Agencies, Courts, First Principles, and the Rule of Law
34 Pages Posted: 10 Sep 2018
Date Written: June 1, 2018
Abstract
An inherent tension exists between the roles of agencies and courts in administrative enforcement cases. Those cases are initiated by agencies to enforce the statutes and regulations they administer but are then subject to judicial review by courts. Agencies tend to focus on creating and then implementing administrative enforcement systems that produce consistent results pursuant to the agency’s bureaucratic processes and informed by the agency’s expertise. In reviewing such decisions, by contrast, courts tend to focus on ensuring that the agency’s administrative system comports with fundamental legal principles.

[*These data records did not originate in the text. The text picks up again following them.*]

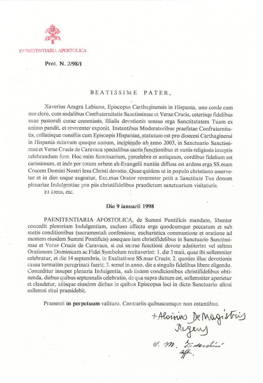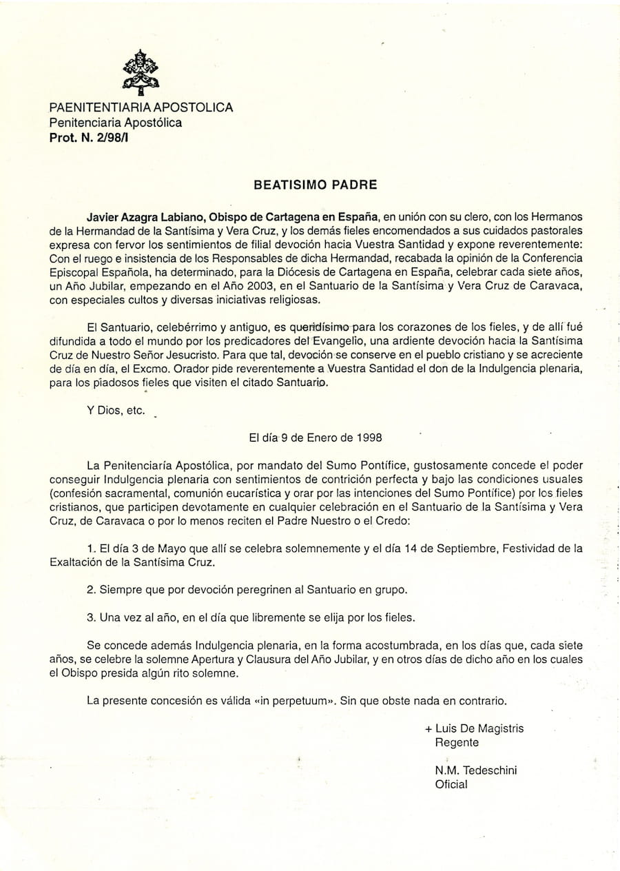 Tras un paréntesis en el tiempo en la celebración de Años Jubilares en torno a la Sagrada Reliquia, aunque no en su devoción, Su Santidad Juan Pablo II tuvo a bien conceder nuevo Año Jubilar a Caravaca de la Cruz en 1981, al conmemorarse el 750 aniversario de la aparición de la Stma. y Vera Cruz en Caravaca. Gracia que fue nuevamente concedida a Caravaca y su Vera Cruz en 1996 por petición de la Real e Ilustre Cofradía de la Stma. y Vera Cruz. Año Santo o Año Jubilar que se celebró del 1 de enero de 1996 al 1 de enero de 1997. Pero la noticia más grande para la ciudad y los devotos de la Vera Cruz estaba por llegar. En Febrero de 1998 se comunicaba oficialmente por parte del Vaticano a la Real e Ilustre Cofradía de la Stma. y Vera Cruz la concesión de Año Santo In Perpetuum en torno a la Stma. y Vera Cruz de Caravaca a celebrar cada siete años, siendo el primero el 2003.
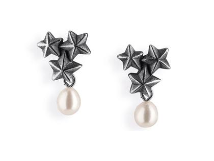Drachenfels Design Sternenglanz und Schattentanz Ohrstecker Sternenohrstecker Pampel Süßwasserperle klein Silber Vintage
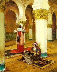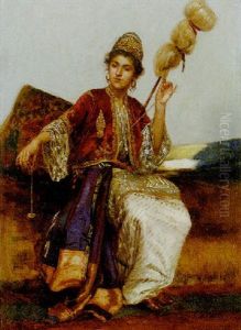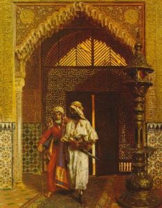 A Tambourine, Knife, Turkish Box, Turkish Jug, Moroccan Tile And Plate On A Satin Covered Table
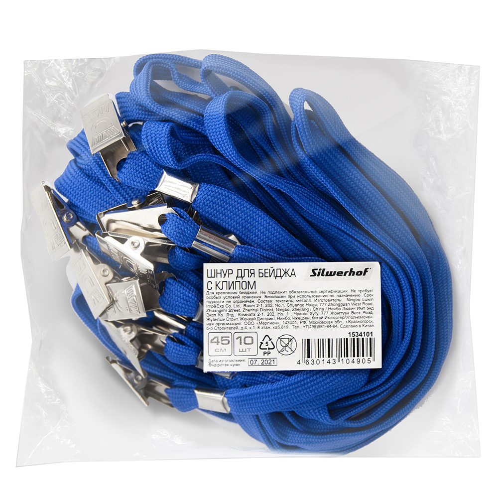 Ремешок д/бейджа в наборе - 10 шт клип текстиль синий (Silwerhof)
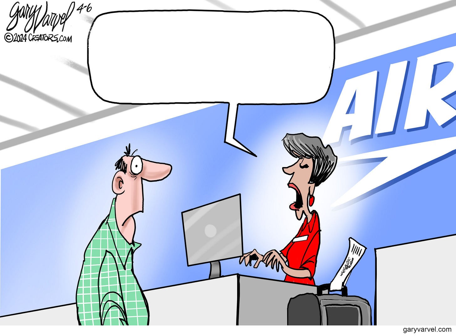 HUMOR ME: Fix my cartoon with a snarky remark. Email your entries to gary@garyvarvel.com. Winners announced in Friday’s newsletter for paid subscribers.
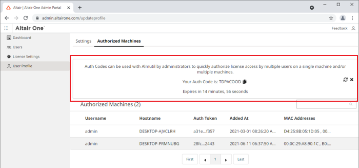 Nachdem Sie beim Portal angemeldet sind, navigieren Sie zu User Profile (Benutzerprofil) > Authorized Machines (Autorisierte Computer).
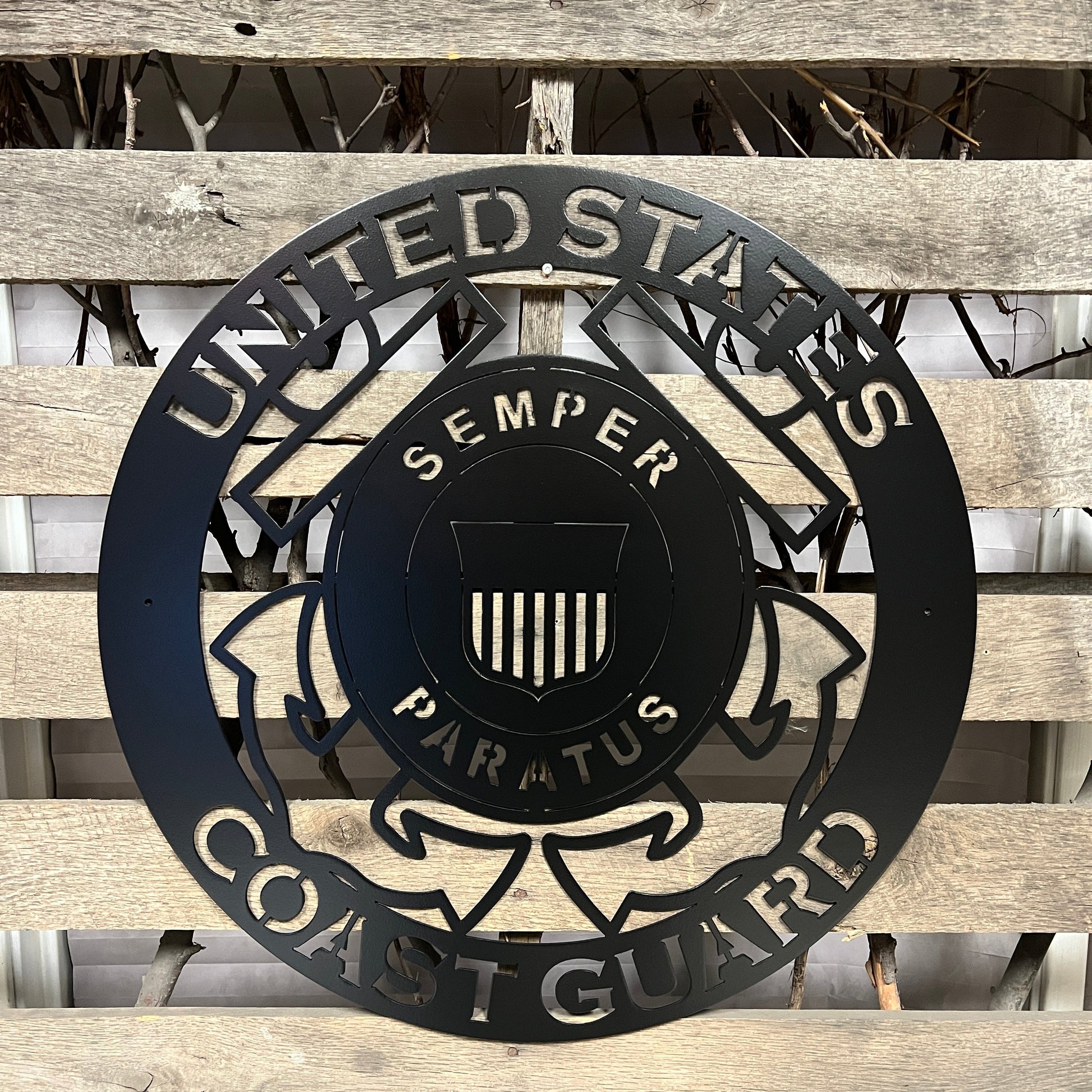 Crafted from heavy‑duty 16‑gauge steel, this striking wall piece features the official USCG emblem — a symbol of maritime service, protection, and commitment. Designed to stand up to indoor or outdoor environments, it’s finished with a durable powder‑coat clear‑or‑color finish that resists weather and wear.
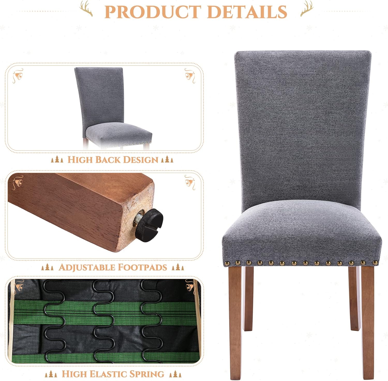 - Used for Years to Come: Sturdy dining chairs supported by solid rubber wood legs that can hold up to 250 lb each, adjustable feet for extra stability, and a chic look that makes it a nice add-on to your dining room or bedroom.
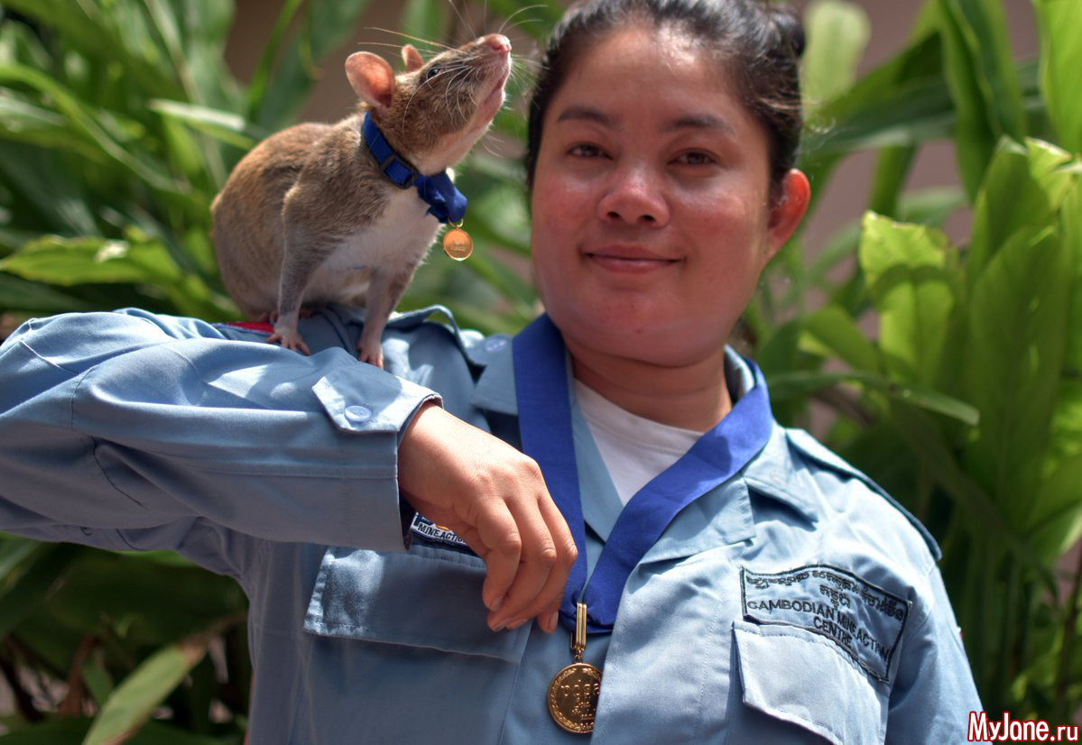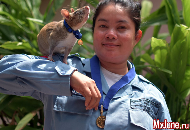 В общей сложности сапером в Камбодже эта африканская гигантская крыса прослужила целых пять лет, и вот теперь пришло время отправиться в отставку. А крысой-героем Магаву называют потому, что на протяжении всей своей весьма успешной карьеры она обнаружила семьдесят одну мину и тридцать восемь неразорвавшихся боеприпасов, оставшихся в стране со времен войны во Вьетнаме и последовавшей за нею гражданской войны! И это первое животное-сапер в мире (за исключением собак, разумеется), получившее почетную золотую медаль PDSA (по сути, это своеобразный «животный» аналог небезызвестного «Георгиевского креста»)! Африканские гигантские крысы примечательны тем, что они с легкостью поддаются дрессировке, а Магаву начали тренировать еще в юном возрасте – как только она обнаруживала взрывчатые вещества, она сразу же подавала специальный сигнал и замирала. И, даже несмотря на то, что эти крысы крупнее своих сородичей, они все равно достаточно легкие для того, чтобы пробежать по мине без каких-либо последствий. Кстати, Магава могла похвастаться еще и весьма впечатляющей скоростью работы – она без особого труда проверяла в течение получаса территорию размером с теннисный корт! Теперь же Магаве исполнилось семь лет, а это для ее вида уже преклонный возраст, так что, даже невзирая на то, что крыса вполне здорова, было решено отправить героиню на заслуженный отдых!
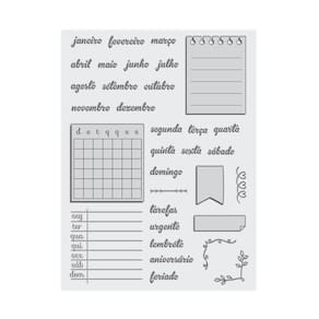 O Carimbo Calendário é uma solução prática e eficaz para adicionar ilustrações e organizar datas em suas anotações. Este produto inclui uma régua transparente de 150x200mm, com textos dos meses do ano, dias da semana, tarefas, urgente, lembrete, aniversário, feriado, entre outros temas relacionados. Instruções de uso: 1. Remova o carimbo de silicone da folha de acetato. 2. Posicione o carimbo com a parte lisa em contato com a base acrílica. 3. Pressione a base acrílica contra a carimbeira por alguns segundos, sem aplicar muita pressão, e retire. 4. Em seguida, pressione a base com o carimbo no local desejado em suas anotações. Pronto! Dica de conservação: Para manter seus carimbos em bom estado, limpe-os com um pano úmido após o uso, removendo o excesso de tinta.
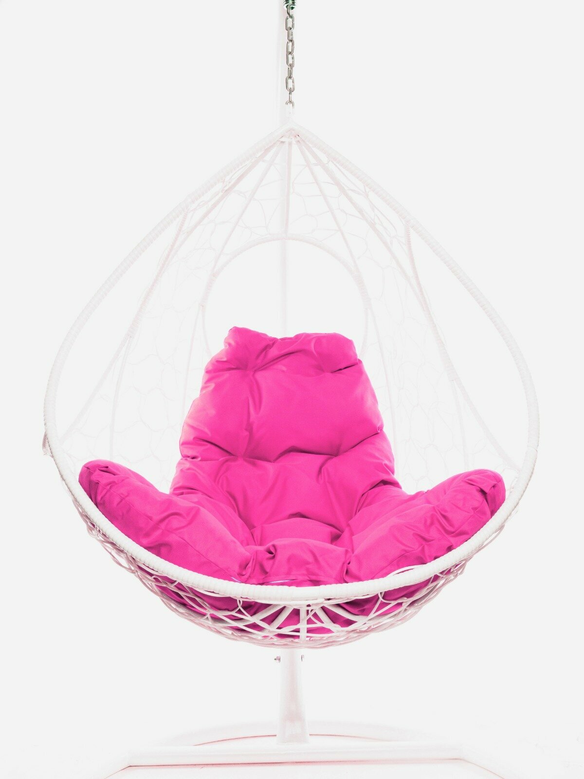 Купить Подвесное кресло ротанг белое, розовая подушка
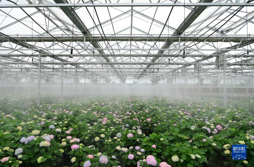 这是5月5日在肥西县经开区一家农林科技企业大棚内拍摄的花卉。
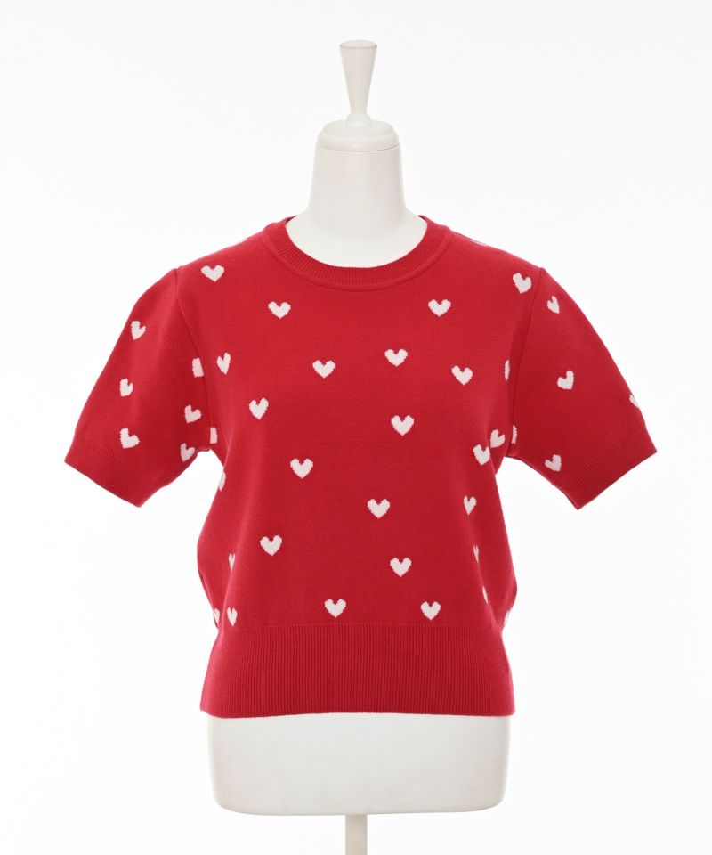全面にハートモチーフが織り込まれた、フェミニンで愛らしいニットトップス。甘さの中にも洗練されたデザイン性を感じさせ、デイリーコーデに華やぎをプラスします。
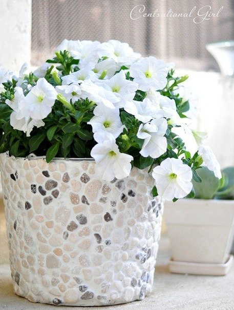 Шаг 4 Когда укладка камушков по всей поверхности ведра закончена, оставьте его до полного высыхания.
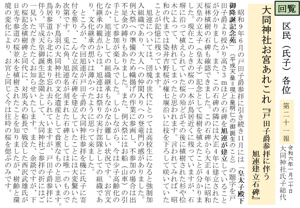 戸田子爵参拝に伴う旭連建立石碑
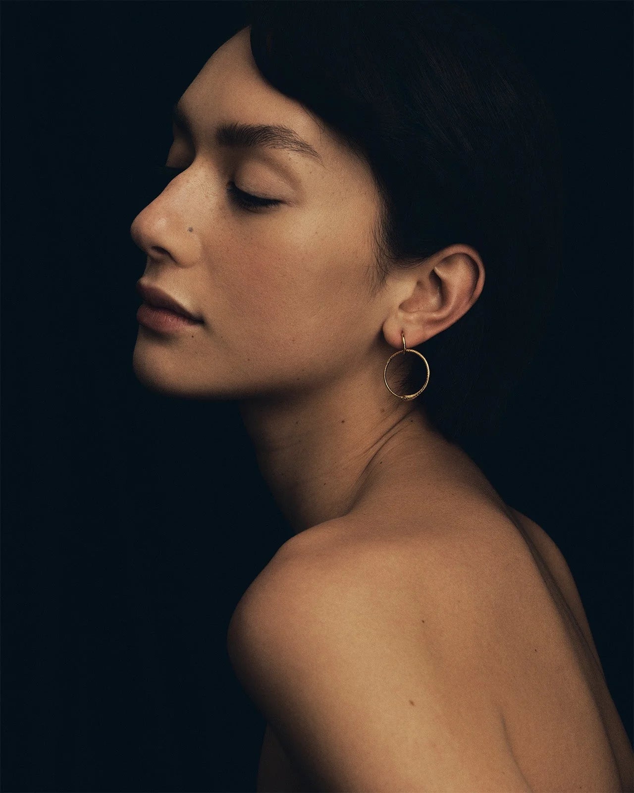 The Serpent Earring, in 18k Gold Vermeil, has a fine hand-polished hoop that links infinitely onto the exquisitely detailed, hand-carved Serpent hoop.
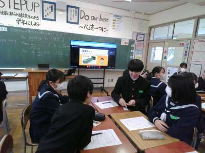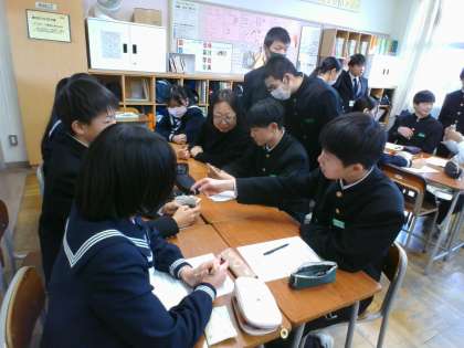 生徒たちは班を2つに分けて、交渉ゲームを行いました。
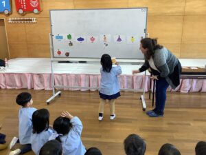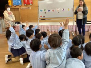 幼児期の英語活動で大切なことは、とにかくたくさんの生きた英語を聞かせることだと言われています。そして、「何となく言っていることがわかる。」「いつの間にかわかる英語が増えている。」となることが理想的です。子どもたちの意欲を第一に考えながら、続けていきたいと思います。
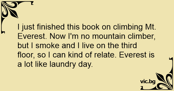 I just finished this book on climbing Mt. Everest. Now I'm no mountain climber, but I smoke and I live on the third floor, so I can kind of relate. Everest is a lot like laundry day.
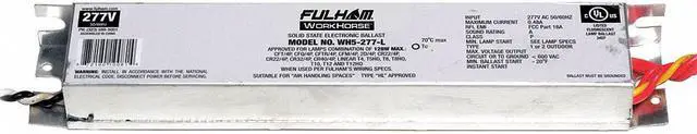 California Proposition 65: This product contains a chemical known to the State of California to cause birth defects or other reproductive harm. WorkHorse, Electronic, Fluorescent Ballast, Ballast Start Type Instant, Input Voltage 277V AC, Number of Bulbs Supported 1, 2, 3, 4, Max. Bulb Watts 12 W, 13 W, 15 W, 17 W, 24 W, 25 W, 28 W, 32 W, 44 W, 45 W, 55 W, 58 W, 60 W, 75 W, 80 W, 85 W, Ballast Bulb Type DBX, T12, T5-Circuline, T8, Dimming No, Dimming Type No Dimming, Dimming Method No Dimming, Dimming Range No Dimming, Min. Starting Temp. -22 Degrees F. This item has been restricted from sale in the following state (s): []
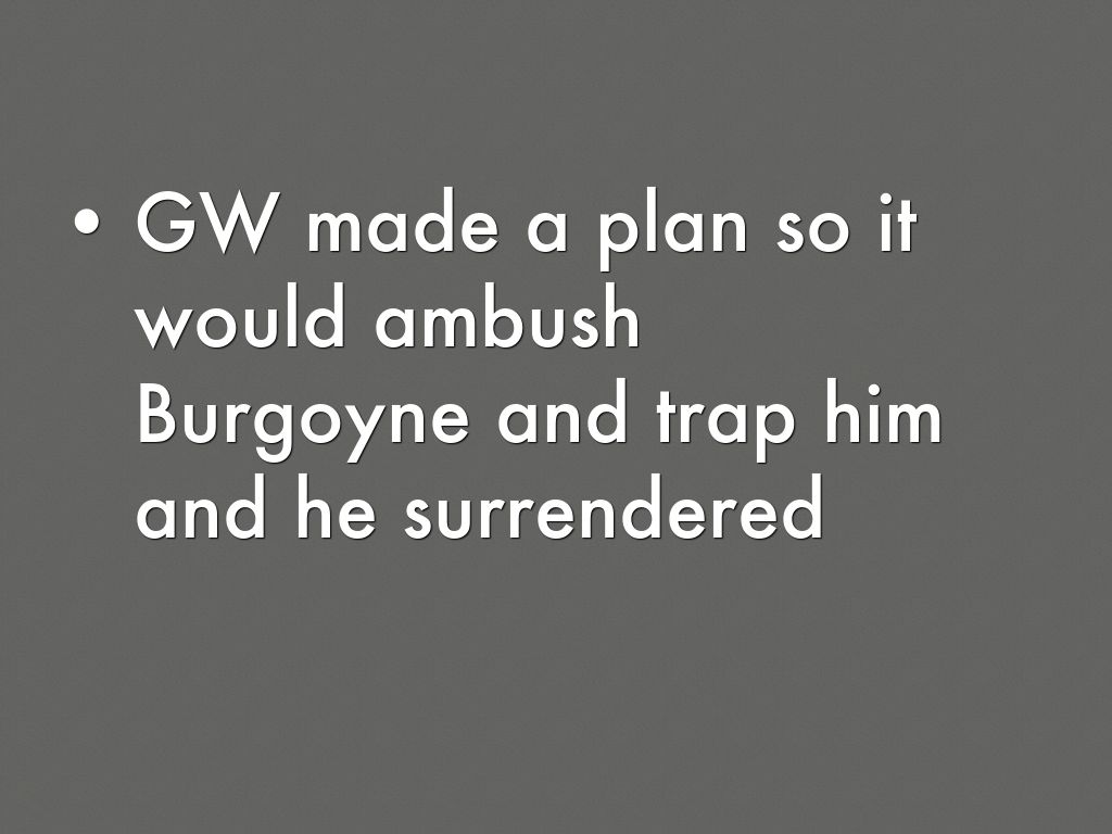 GW made a plan so it would ambush Burgoyne and trap him and he surrendered

The two roles embody different goals: for agencies, rendering predictable and consistent outcomes that achieve the goals of the statute; for courts, adhering to the values of government accountability and protection of fundamental rights. All of these goals — predictability, consistency, government accountability, protection of rights — reflect different components of the Rule of Law, the idea that legitimate authority requires certain attributes that accomplish a threshold level of fairness. Effectuating the multi-faceted Rule of Law requires creating a relationship between administrative enforcement and judicial review that fully empowers both agencies and courts to fulfill their respective roles, but without undermining the other.